Christie, sounds as good an idea as any! I think the main thing is to strike the balance - you have to let them know that it's far better thought of to admit when they've been naughty but that it's not the equivalent of immunity to punishment. I have administered a minor smack-bottom in one similar circumstance, even after the admission of guilt, but made it clear to the spankee that he'd have had a far sorer bum if I'd have found out what he'd done later.

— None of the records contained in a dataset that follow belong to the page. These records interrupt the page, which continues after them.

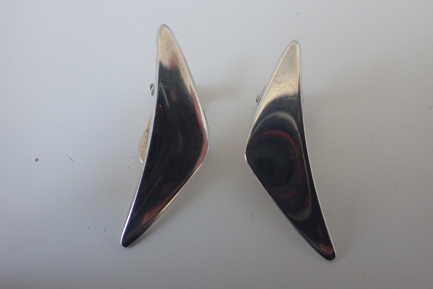 "Peak" øreclips i sterling sølv, designet før 1969 af Bent Gabrielsen (1928 - 2014) - dessin. 432 for Hans Hansen(1884 - 1982) udført i 1970-erne. Længde: 2,5 cm. Bredde: 1 cm. Vægt: 6,7 gram. I fin stand med let brugsslid. Solgt.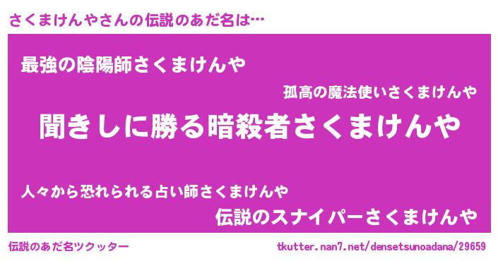 | 男性向けラノベタイトル風あだ名 | 『さくまけんやという概念が存在しない退屈な世界 』 |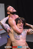 Imagine what he must be thinking when Sky Davis appears on the mat! These guys clearly come from completely different worlds! Davis is a lily white sadist, artistically inked in swirling lines across his chest, arms, and neck. With slowing, raven black hair and a chip on his shoulder, he looks like somebody who would be sitting in the back of home room dressed all in black, drawing skulls in his history book. Davis stupidly starts out by calling Cortijo a rookie, which makes Cortijo’s blood boil!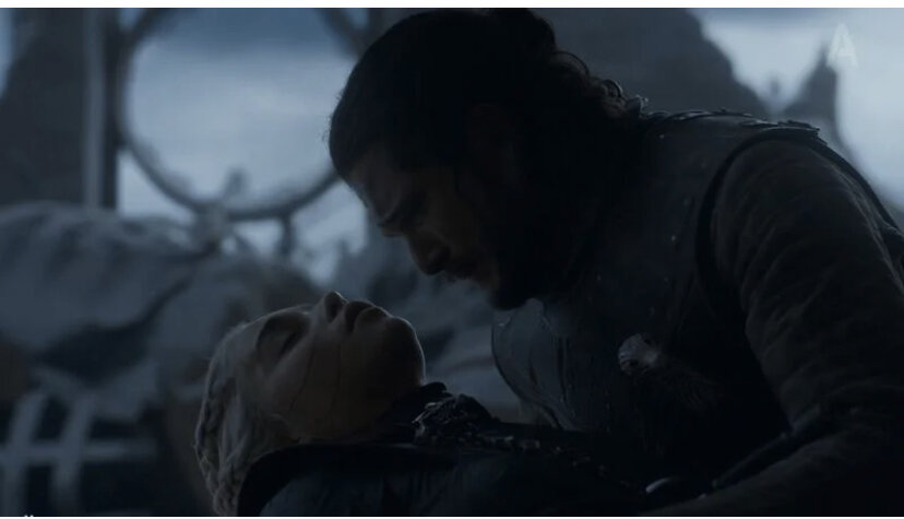 До Джона, который никогда не отличался волевым сильным характером, неожиданно доходят слова Тириона. Он идет к своей Королеве и убивает ее. «Ты моя королева. Ныне и всегда», — говорит Джон, целуя Дейнерис и пронзает ей сердце кинжалом. Почувствовав кровь хозяйки, в зал влетает Дрогон. Он не трогает Джона, но от горя решает расплавить ненавистный Железный трон. То, за что ценою собственных жизней и жизней тысяч других людей на протяжении всего сериала боролись претенденты на корону, стирается с лица земли. Затем Дрогон берёт мёртвую Дейнерис в одну из лап и улетает в неизвестном направлении.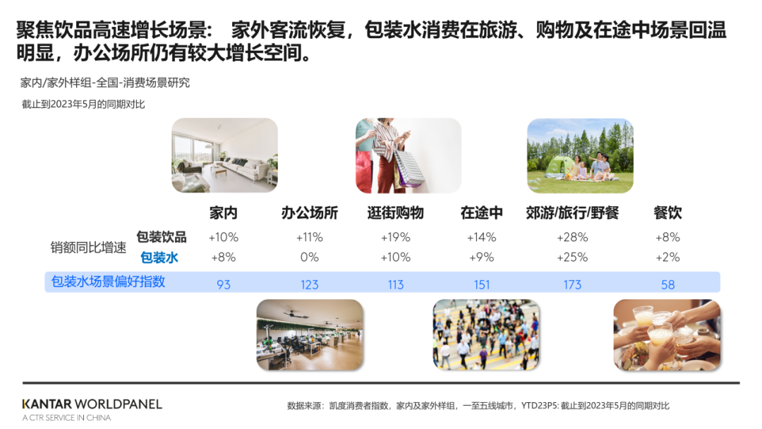 根据凯度消费者指数截至2023年5月的前52周同期对比数据显示,在即时零售渠道购买包装水的销额增长中,80%都是对品类额外增量的贡献。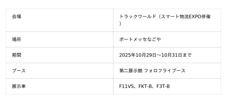 商用電気自動車(EV)メーカーのフォロフライ株式会社(本社:京都市下京区、代表取締役:小間裕康)は、2025年10月より開催される「Japan Mobility Show 2025(以下、JMS2025)」(東京ビッグサイト)および「トラックワールド」(ポートメッセなごや)において、新たにラインアップする商用EV 3車種を同時発表します。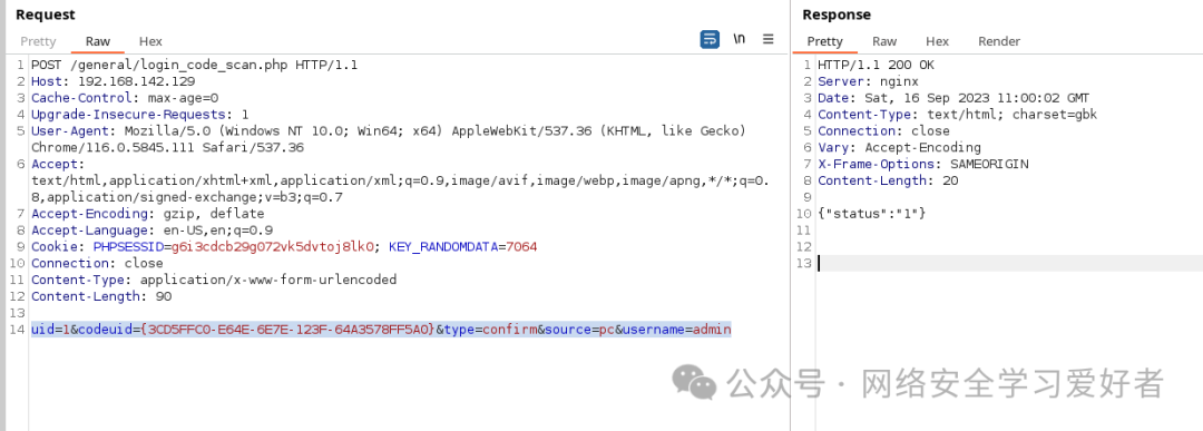 而后使用POST方式访问/general/login_code_scan.php提交payload,其中codeuid需要改为上一步中返回的值。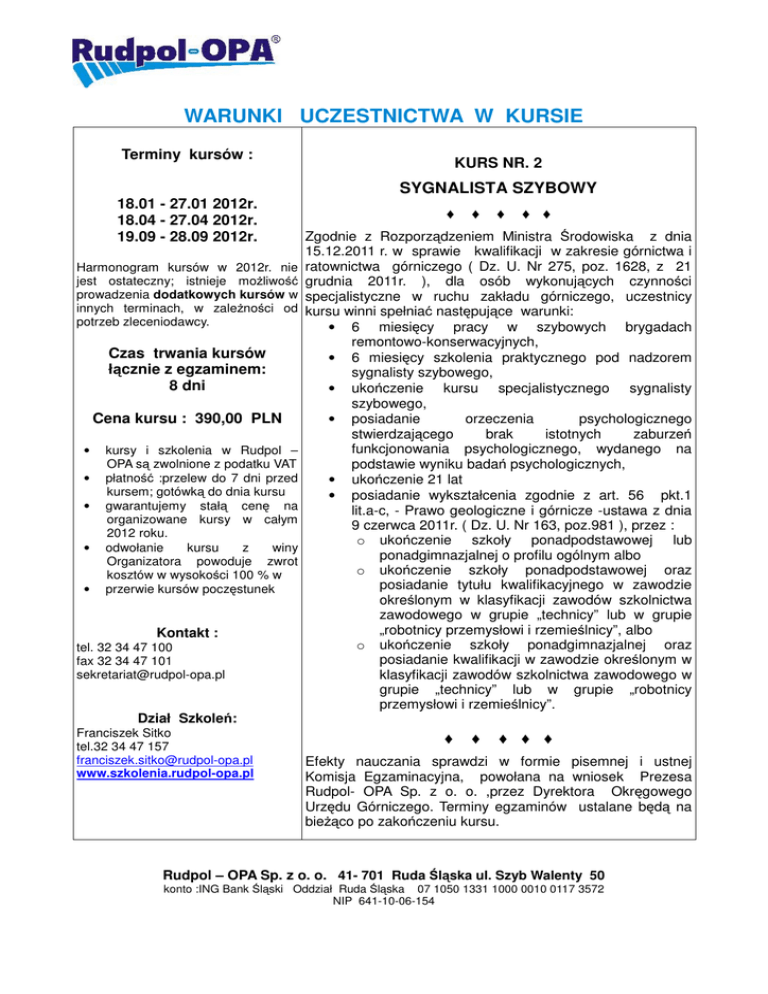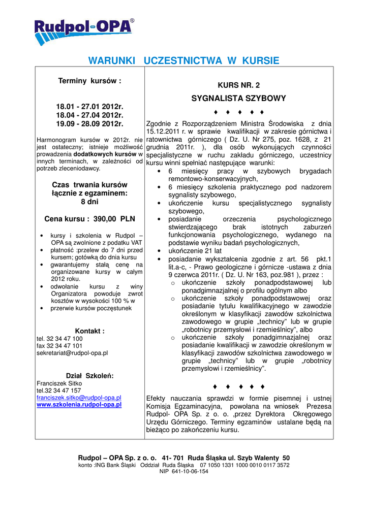 WARUNKI UCZESTNICTWA W KURSIE Terminy kursów : KURS NR. 2 SYGNALISTA SZYBOWY 18.01 - 27.01 2012r. 18.04 - 27.04 2012r. 19.09 - 28.09 2012r. Harmonogram kursów w 2012r. nie jest ostateczny; istnieje możliwość prowadzenia dodatkowych kursów w innych terminach, w zależności od potrzeb zleceniodawcy. Czas trwania kursów łącznie z egzaminem: 8 dni Cena kursu : 390,00 PLN • • • • • kursy i szkolenia w Rudpol – OPA są zwolnione z podatku VAT płatność :przelew do 7 dni przed kursem; gotówką do dnia kursu gwarantujemy stałą cenę na organizowane kursy w całym 2012 roku. odwołanie kursu z winy Organizatora powoduje zwrot kosztów w wysokości 100 % w przerwie kursów poczęstunek Kontakt : tel. 32 34 47 100 fax 32 34 47 101 [email protected] ♦ ♦ ♦ ♦ ♦ Zgodnie z Rozporządzeniem Ministra Środowiska z dnia 15.12.2011 r. w sprawie kwalifikacji w zakresie górnictwa i ratownictwa górniczego ( Dz. U. Nr 275, poz. 1628, z 21 grudnia 2011r. ), dla osób wykonujących czynności specjalistyczne w ruchu zakładu górniczego, uczestnicy kursu winni spełniać następujące warunki: • 6 miesięcy pracy w szybowych brygadach remontowo-konserwacyjnych, • 6 miesięcy szkolenia praktycznego pod nadzorem sygnalisty szybowego, • ukończenie kursu specjalistycznego sygnalisty szybowego, • posiadanie orzeczenia psychologicznego stwierdzającego brak istotnych zaburzeń funkcjonowania psychologicznego, wydanego na podstawie wyniku badań psychologicznych, • ukończenie 21 lat • posiadanie wykształcenia zgodnie z art. 56 pkt.1 lit.a-c, - Prawo geologiczne i górnicze -ustawa z dnia 9 czerwca 2011r. ( Dz. U. Nr 163, poz.981 ), przez : o ukończenie szkoły ponadpodstawowej lub ponadgimnazjalnej o profilu ogólnym albo o ukończenie szkoły ponadpodstawowej oraz posiadanie tytułu kwalifikacyjnego w zawodzie określonym w klasyfikacji zawodów szkolnictwa zawodowego w grupie „technicy” lub w grupie „robotnicy przemysłowi i rzemieślnicy”, albo o ukończenie szkoły ponadgimnazjalnej oraz posiadanie kwalifikacji w zawodzie określonym w klasyfikacji zawodów szkolnictwa zawodowego w grupie „technicy” lub w grupie „robotnicy przemysłowi i rzemieślnicy”. Dział Szkoleń: Franciszek Sitko tel.32 34 47 157 [email protected] www.szkolenia.rudpol-opa.pl ♦ ♦ ♦ ♦ ♦ Efekty nauczania sprawdzi w formie pisemnej i ustnej Komisja Egzaminacyjna, powołana na wniosek Prezesa Rudpol- OPA Sp. z o. o. ,przez Dyrektora Okręgowego Urzędu Górniczego. Terminy egzaminów ustalane będą na bieżąco po zakończeniu kursu. Rudpol – OPA Sp. z o. o. 41- 701 Ruda Śląska ul. Szyb Walenty 50 konto :ING Bank Śląski Oddział Ruda Śląska 07 1050 1331 1000 0010 0117 3572 NIP 641-10-06-154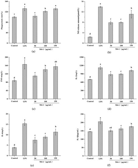 Macrophage phagocytosis, which protects against infections caused by foreign biotic and abiotic attacks, is an important indicator of the immunomodulatory role of macrophages [24]. The result of the phagocytosis of neutral red was presented in Figure 3a, with a dose-dependent phagocytosis of the M4-1 fraction in the range of 50 to 150 μg/mL. The phagocytosis of macrophages was greatly strengthened at medium and high concentrations of stimulation compared to the blank group, and the phagocytosis of the M4-1 fraction at high concentrations (131.86 ± 4.07%) was equivalent to that of the LPS-promoted cells. Similarly, it had been reported that the F31 fractions purified from oyster hydrolysates improved the phagocytosis effect in a positive correlation with the concentration [25].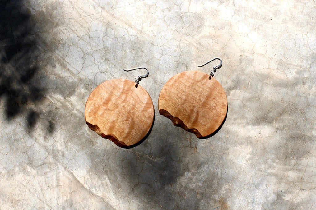 These limited edition live edge disc earrings are handmade from reclaimed maple wood and feature the natural edge. They measure approx. 2.5" across, finished with a natural non toxic oil finish and accented with sterling silver hooks.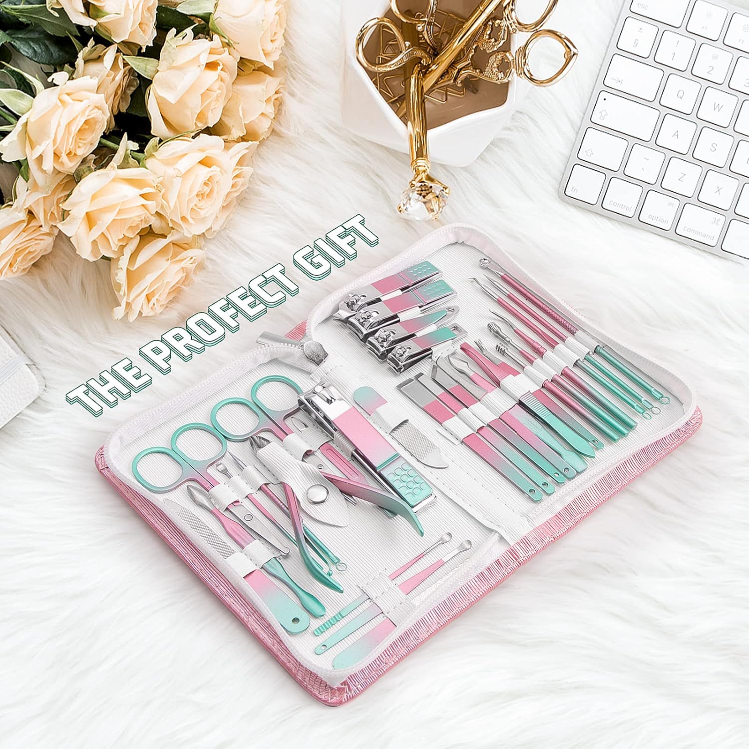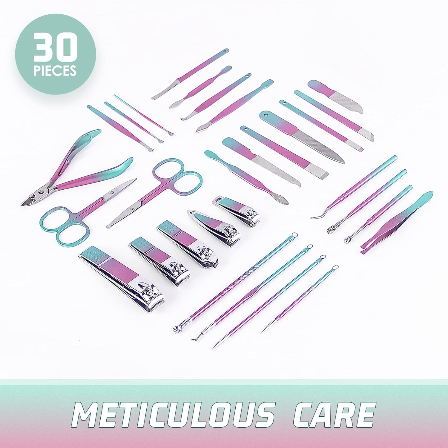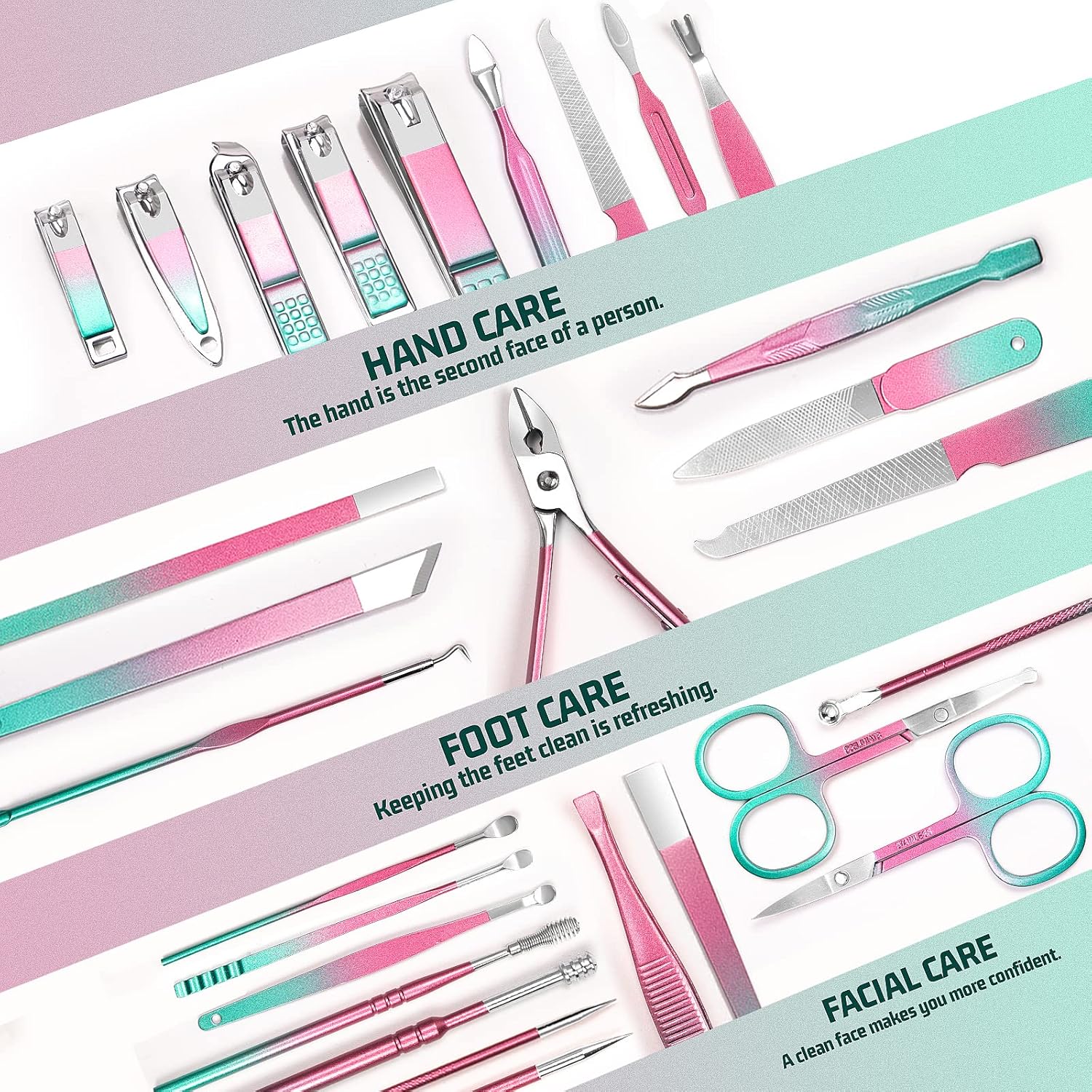 - 🥰【30 IN 1 UNIQUE MANICURE SET】:The professional manicure kit by WOAMA features a distinctive color gradient of pink and green and includes 30 pieces of nail, facial, and pedicure care tools.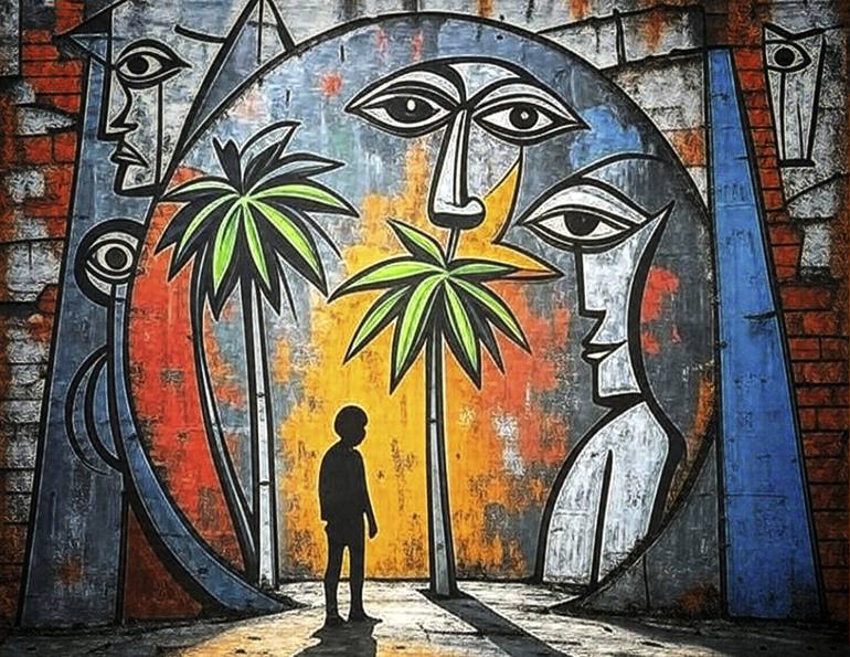 A mural displays abstract faces alongside green palm-like trees. A child's silhouette is seen in front, creating a dramatic effect.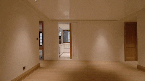硬装上以木饰面和米色石材做结合,物料原始肌理感,表达经历时间后的沧桑痕迹。大理石地面镶嵌精致金属条,保留材质的原始感,木饰面配柔和灯光,调和出安宁澄澈的归家氛围。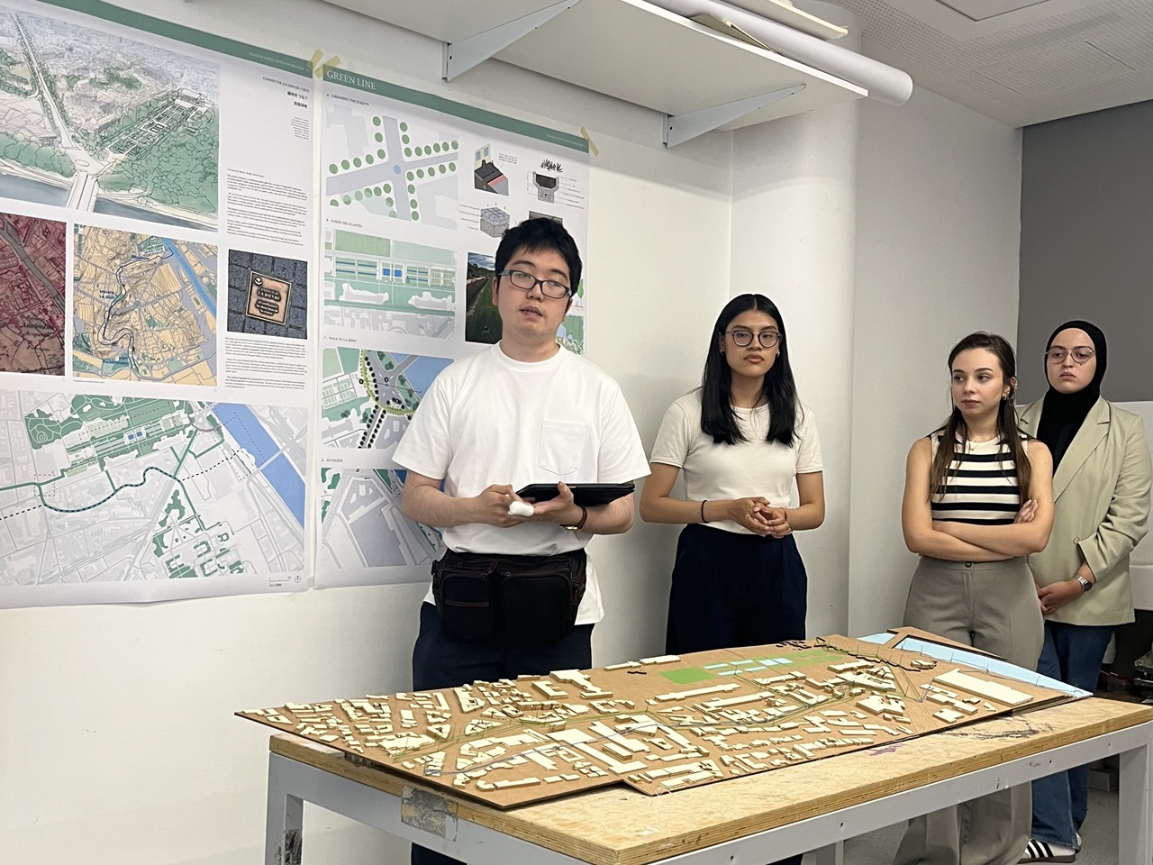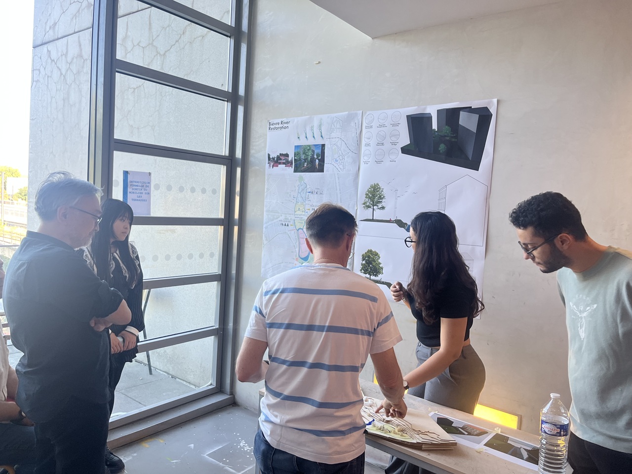 5日目の夕方には、成果発表会を行いました。発表には、担当教員だけでなく、ENSAPVSのPatrice CECCARINIJ教授、Jérémie BEDEL教授も出席しました。各チームが分析結果と提案内容を図面(A0判2枚)と模型で発表し、講評では、4つのチームからの提案に対して、ビエーヴル川の再生によって、現代都市において関わってきた自然空間、親水空間、歴史的記憶が、いかに創造的な方法で実現されるかを考察しました。さらに、先生方が各グループに対して、個別のフィードバックを行い、活発な議論が交わされ、会場は大いに盛り上がりました。5日間という短期間の中で、各チームはビエーヴル川の再生計画に取り組み、それぞれが独自のコンセプトを掲げ、川の有機的な形態や自然環境を都市空間に取り込む提案を行いました。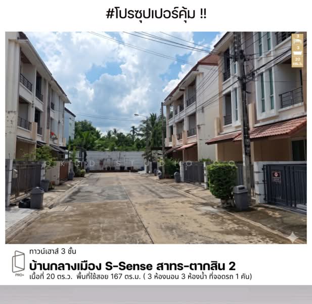 ทาวน์โฮม บ้านกลางเมือง S-Sense สาทร-ตากสิน 2 ใกล้ โฮมโปร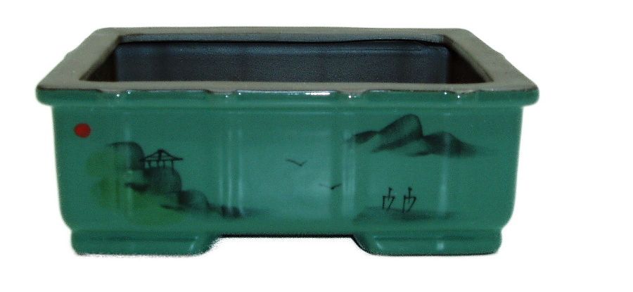 Keramická mrazuvzdorná miska na bonsaje o rozměru 16 x 12 x 6 cm. Bez podmisky. Barva zelená.
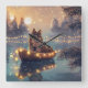 Set sail into the magic of the holiday season with this beautifully detailed illustration, showcasing a proud dog sitting in a festively decorated boat, gliding across a serene Christmas lake. The twinkling lights from nearby pine trees reflect off the water, casting a warm, festive glow that enhances the cosy ambiance. Ornaments dangle from the boat's sides, while glowing lanterns light the way, creating a scene that captures the true essence of Christmas warmth and joy. This nostalgic artwork brings a touch of holiday magic to any space, perfect for those who cherish the spirit of the season.

bensmum3 Sat 09-Apr-05 18:30:15

I think it probably gets worse as they get older, just to cheer you all up! Ds 7 was playing at a friends a couple of weeks ago, and they were in a part of the house they should'nt have been, ds's friend knocked over a heavy object, which didn't break, but did break ds's foot. The friend told ds not to tell anyone, so it wasn't till 4 hours later when he got in the bath I noticed his foot was the size of a football, and it then took another week to get the truth about how he'd done it.(we had I dont know and I think I kicked a rock ?) We've had very serious conversations in our house this week about how important not keeping secrets and telling the truth is even if mummy or daddy might not be pleased.

motherinferior Sat 09-Apr-05 18:38:39

Interestingly, DD1 came down today (I was vegging on the sofa with a novel in thoroughly embarrassing manner) from the Inferiorettes' room - from where I'd heard DD2 bellow and wail but then stop wailing - and sat down looking rather bothered and distressed. Finally she said - quite of her own accord - "I pushed DD2 over by accident". Turned out they'd had a row over a toy.

It was easier for me, both because I do believe it was an accident and because she told me quite of her own accord - she was obviously ashamed and embarrassed - but I told her, quite sincerely, that I was very pleased with her for telling me and yes I understood it was an accident.

So, extrapolating from that, can you say something along the lines of "I'll be really pleased with you for telling me, but I might have to talk to you about what you did"? Sort of time off for good behaviour?

I was VERY proud of DD1, I have to say.